Task directions:
Pull every line holding the word "هخامنشی" out of the data and copy it.

Data supplied:

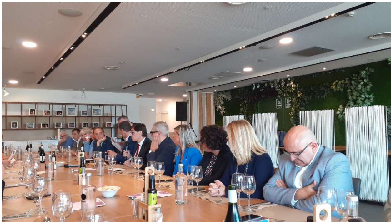
Trobada de Forum Secore amb l'equip de Salvador Illa. Foto 12
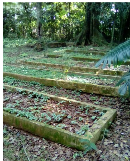
Imagem 6: viveiro desativado;
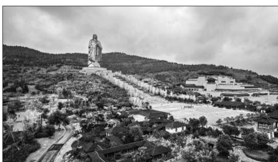
9月27日 山东曲阜 2021中国(曲阜)国际孔子文化节和第七届尼山世界文明论坛在尼山举行。

一般来说 一座城市最繁荣的时候 往往是它建都的时候。但曲阜打破了这个规律 因为孔子 它的受关注程度没有因为鲁国的灭亡而降低 反而越来越高。曲阜肥沃的文化土壤哺育出了孔子 孔子又给生养他的曲阜带来了长达2000多年的荣耀。这种现象 在中国城市史上独一无二。
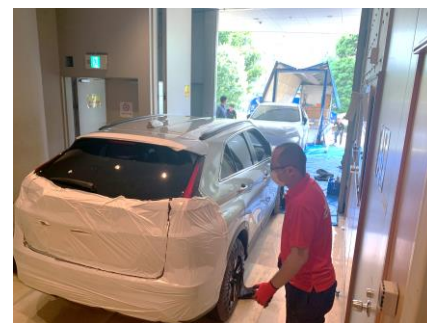
手押しでホールへ
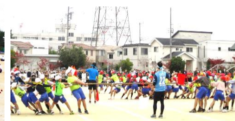
【5年生リレーとお助け綱引き】

※残りの1・2・6年の体力公開日は、1年…12月11日(木)、2年…12月16日(火)、6年…1月26日(月)を予定しておりますが、天候等により日時を変更することがあります。その際は、H&Sで連絡をさせていただきますので、確認していただきますようお願いいたします。また、今回の公開は写真・動画等の撮影は禁止しています。ご協力お願いします。
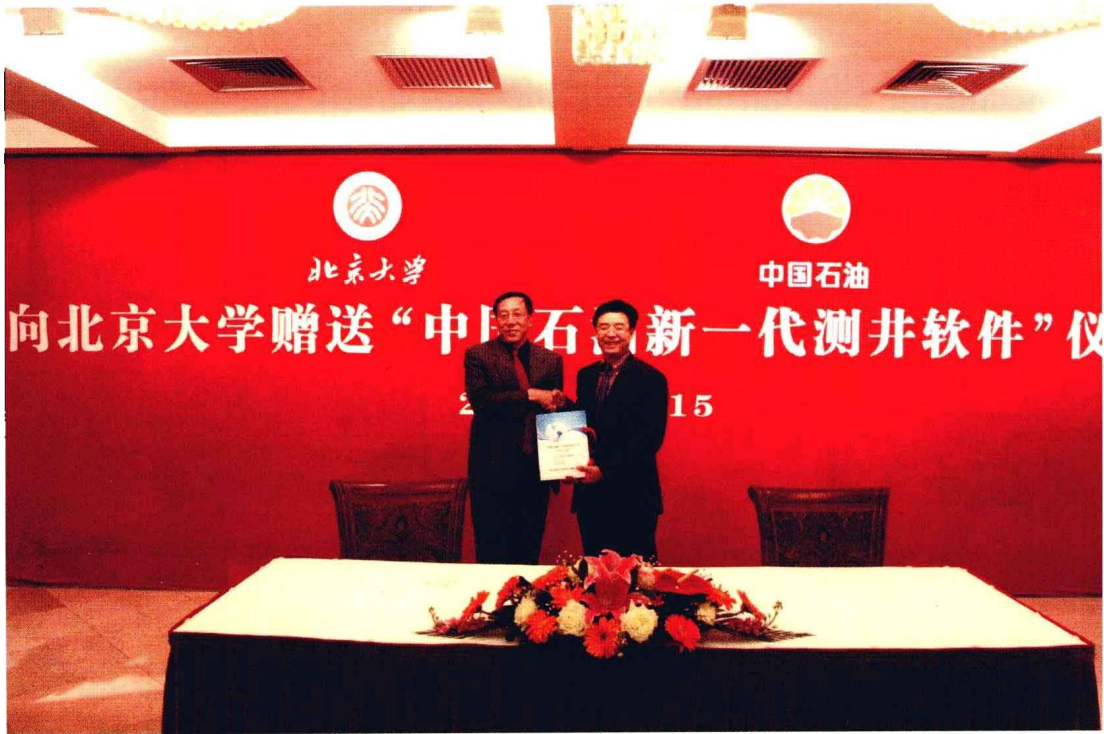
2010年12月15日，研究院向北京大学赠送中国石油新一代测井软件 CIFLog1.0
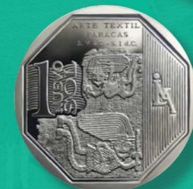
Arte textil Paracas
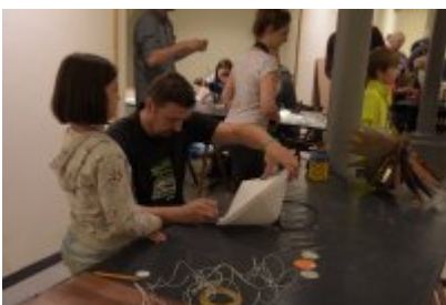
• Industriada 2017
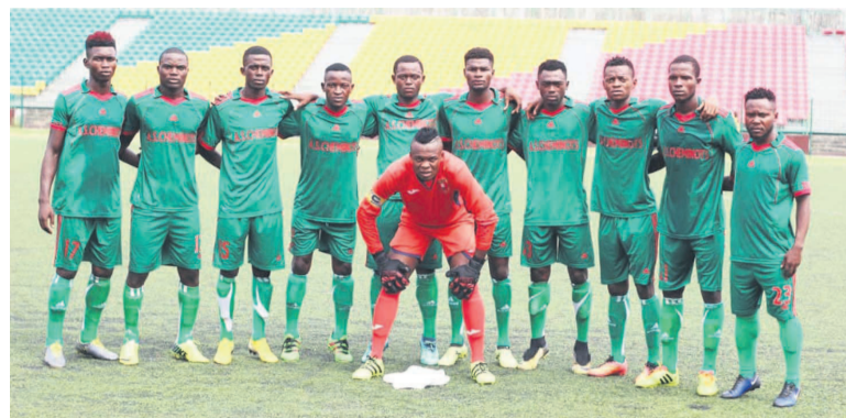
L'AS Cheminots attend les barrages

L'AS Cheminots a perdu en tout dix matches soit neuf sur le terrain. La saison ne pouvait pas bien commencer pour une équipe qui refuse de se rendre à Dolisie pour y livrer son match contre l'Ac Léopards comptant pour la première journée. Elle est battue sur tapis vert 0-3. Après c'est la succession des défaites qui l'attendait. L'AS Cheminots s'incline face à Nico-Nicoyé 0-1 puis face à l'Interclub sur le même score. Les Diables noirs lui infligent encore une autre défaite sur le score identique avant de s'incliner deux fois face à l'AS Otoho (0-2 et 0-3).
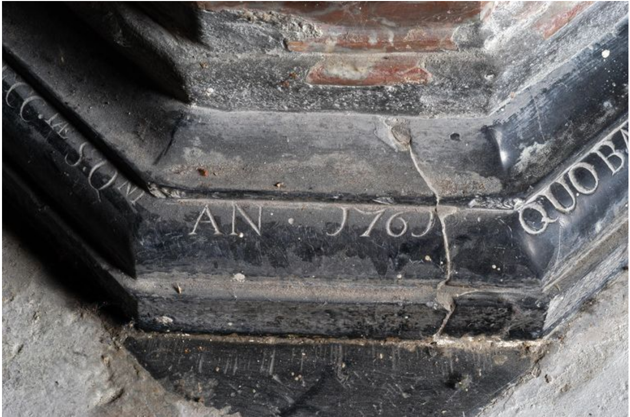
Détail du pied : date gravée de 1761.
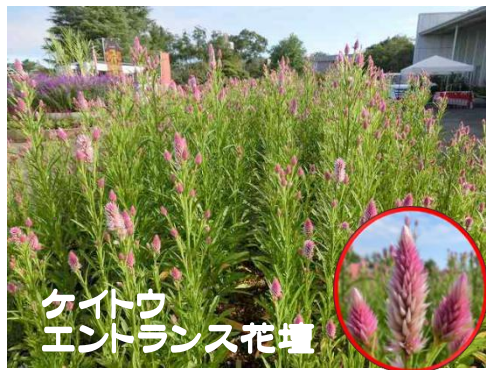
ケイトウ エントランス花壇
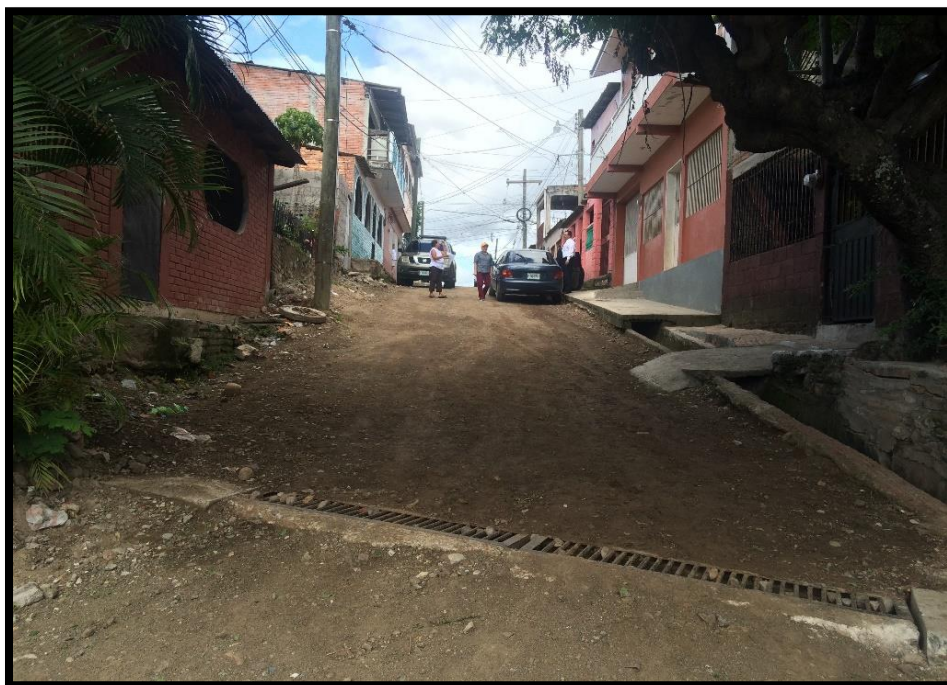
VISTA DEL TRAMO A PAVIMENTAR
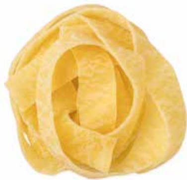
le Speciali Pappardelle trafilata al bronzo
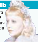
Родилась Янина Жеймо (1909-1989), советская актриса театра и кино.
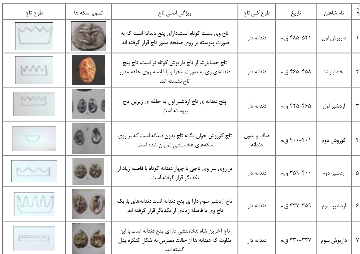
جدول ۱- طرح تاج شاهان هخامنشی.

بر روی سکه‌های هخامنشی غیر از تصویر شاهنشاه نقش دیگری حک نشده، و در پشت سکه‌ها عموماً تصویر خاصی حک نشده است؛ تنها فرورفتگی‌های چهارگوش نامنظمی که شاید نماینده تصویر خاصی باشد، در پشت مسکوکات نمایان شده
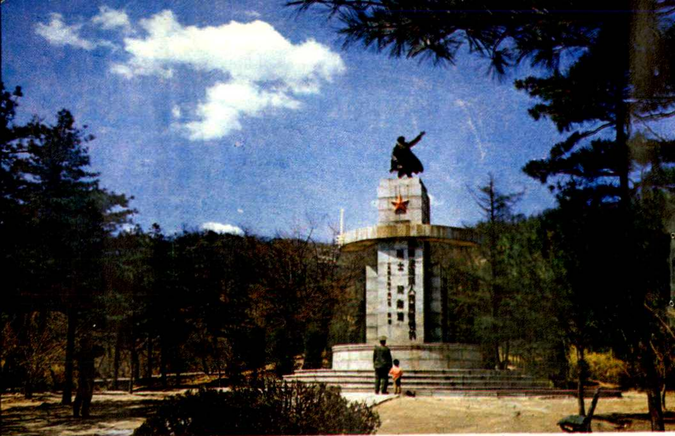
辽东解放烈士纪念塔
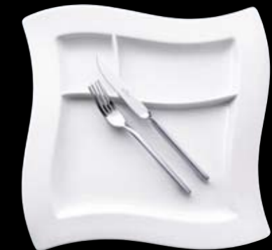
Cutlery NEWWAVE Steak fork · OCR-Nr. 12-6338-0050 Steak knife MB · OCR-Nr. 12-6338-0545
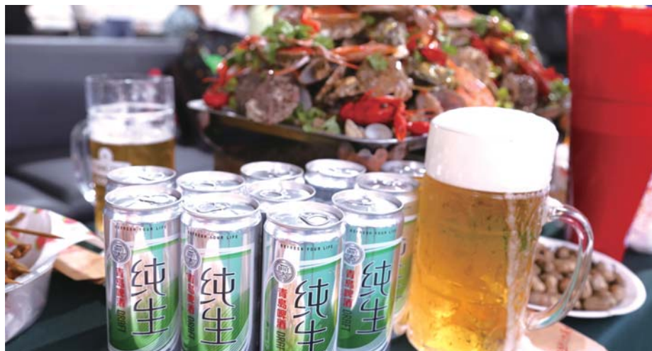
食全酒美的青岛啤酒节

为满足消费者多元化、个性化需求,青岛啤酒在兰州、武威开设了多家TSINGTAO1903青岛啤酒吧,将啤酒的鲜活时尚带到市民家门口;积极落地草莓音乐节、赞助兰州马拉松,推出定制款“兰马加油罐”,受到参赛选手和市民的喜爱与好评,进一步拉近青啤与当地消费者的联系。
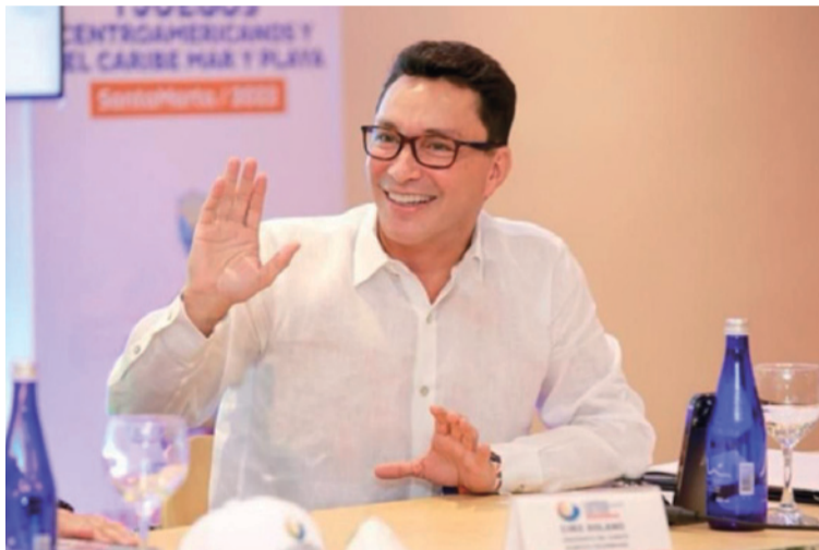
Caicedo recordó que por más de 20 años enfrentó amenazas contra su vida por parte de paramilitares.

Así lo reiteró la Fiscalía General de la Nación a través de una resolución de acusación contra ambos exjefes paramilitares, proferida por medio de su Dirección Especializada contra las Violaciones a los Derechos Humanos -o Fiscalía 228-, en la que da cuenta que el crimen obedeció por motivos de odios ideológicos,
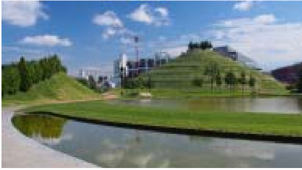
Il. 4. Widok na kopiec i skarpe Spirals of Time w Parku Vittoria.

Response:
جدول ۱- طرح تاج شاهان هخامنشی.
بر روی سکه‌های هخامنشی غیر از تصویر شاهنشاه نقش دیگری حک نشده، و در پشت سکه‌ها عموماً تصویر خاصی حک نشده است؛ تنها فرورفتگی‌های چهارگوش نامنظمی که شاید نماینده تصویر خاصی باشد، در پشت مسکوکات نمایان شده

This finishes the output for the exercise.